Tavaf alanı (metaf) sakin ise Beytullah’ı okşayarak, Rükn-ü Yemânî köşesini öperek bire bir temas ile tıpkı bir gezegen gibi dön dönebildiğin kadar…

Bu konuda biraz daha ileri gidip şöyle bir teklif yapabilirim; Tavaf esnasında ne okuyacağım diye kaygıya kapılma dilersen yüce Yaratanı dillendiren bir türkü veya ilahî’yi seslendir…

Yapmacık, kurgulu bir metinden daha sahici ve etkilidir…

Kurşun asker pozisyonuna dönüştürülüp, huzur ve huşû’nun olmadığı bir yakarıştan ne fayda gelir…

Tavaf esnasında belki naz makamında, sonsuz şükürlerini arz eden misafiri, ev sahibi ile baş başa bırakalım… Belirttiğimiz gibi, dua da ilk kural gizli ve içtenlikle olmasıdır…

Bu tavsıyeler elli yaş altı misafirler için geçerlidir.
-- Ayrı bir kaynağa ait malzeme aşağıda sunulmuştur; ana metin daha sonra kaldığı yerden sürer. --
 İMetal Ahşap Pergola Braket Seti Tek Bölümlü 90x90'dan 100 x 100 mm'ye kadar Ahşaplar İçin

Yaşlı misafirlerin rehberleri eşliğinde tavaf etmeleri daha sağlıklıdır…

Genç nesil kendisinde âcizlik görüyor ve bir Dadı’ya ihtiyaç hissediyorsa, kendi bildiği gibi hareket etsin…

Ne diyebiliriz…

SAFA VE MERVE

“…Gerçekten Safa ve Merve Allah’ın alametlerindendir……” (Bakara-158)

Kur’an-ı Kerim de açıkca ifade buyrulan SAFA ve MERVE tepesi Allah’ın biz kullarına bahşettiği işaretlerdendir… (Şiar) Mü’min bu iki tepe arasında gelip giderken iki tepe kendisine ahirette şâhidlik edecektir…
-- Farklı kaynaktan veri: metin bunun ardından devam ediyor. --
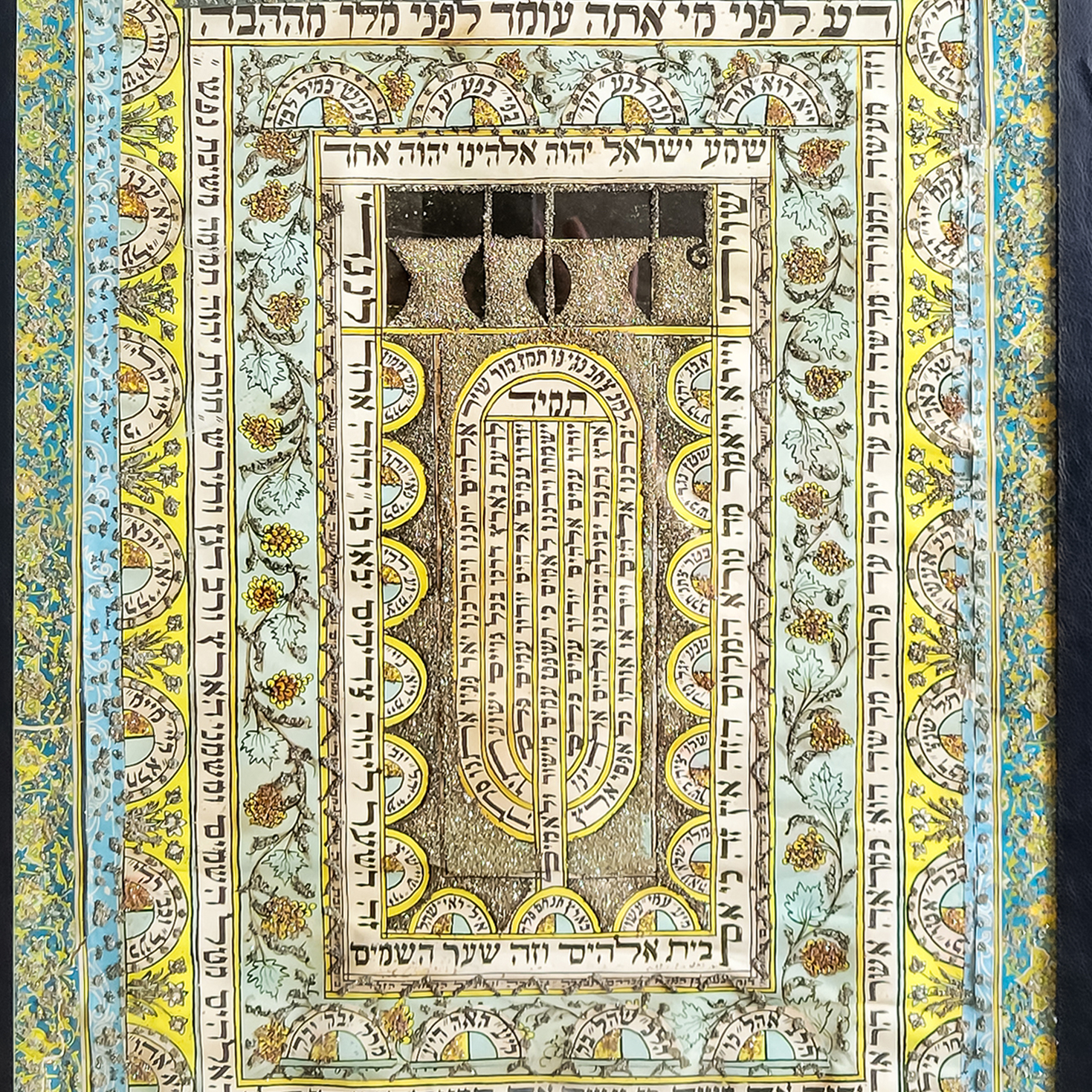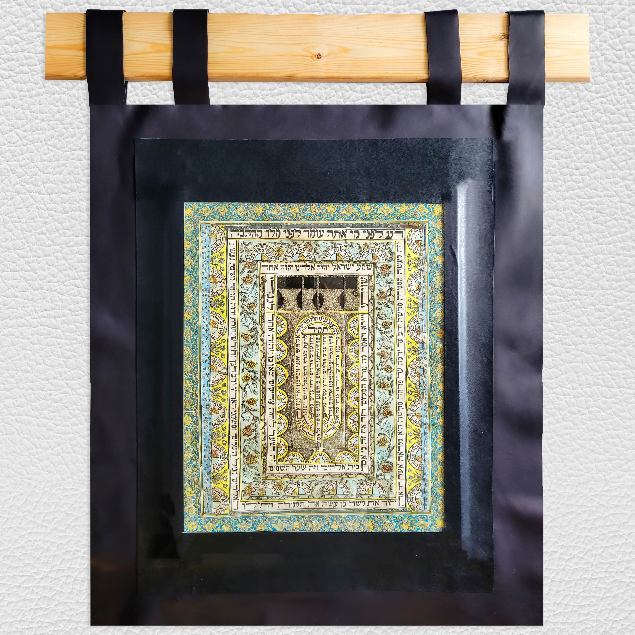 / לוח "שיוויתי" פרסי ישן בעיצוב מחודש ומסגור על גבי עור טבעי שחור.

Bu zahmetli tavaf’ın adına SAY denmiştir… Dört gidiş üç geliş’ten ibaret olan ibadet, tavaf la bire bir aynıdır... Allah’a yakınlaşmanın bir sembolüdür.

Nebî sav efendimiz Hacc yaptıklarında, Safa ve Merve tepesine gelerek “ Safa ve Merve Allah’ın alametlerindendir…Allah’ın başlattığı gibi başlayınız ..” diye emir buyurmuşlardır…Sayy bir vecibedir…SAFA ve MERVE kıyamete kadar Dinin şiar’ıalameti olarak kalacaktır…

Ayeti kerime gereği İmam Şafii ve İmam Malik, Safa ve Merve arasında gelip gitmeyi Hacc’da tavaf gibi farzlardan saymışlardır.

Hacer annemizin oğlu İsmail için sarfettiği su bulabilme çabasından çıkaracağımız ders şu olabilir:

Allah’tan bir şey istediğimiz, bir muradımız varsa, ciddi anlamda gayret göstermeli, zikir ve dua ile meşru arzumuzun gerçekleşmesini Allah’tan istemeliyiz.

Allah sevdiği kullarını bazen sıkıntıya soksa bile, sabır ve dua ile sonuç ferahlık olacaktır.

Bu nedenle Safa ve Merve Kıyamete değin el açıp, yakaran kullar için, yoktan var edilen suyun ibretlik hikayesi olarak kalacaktır.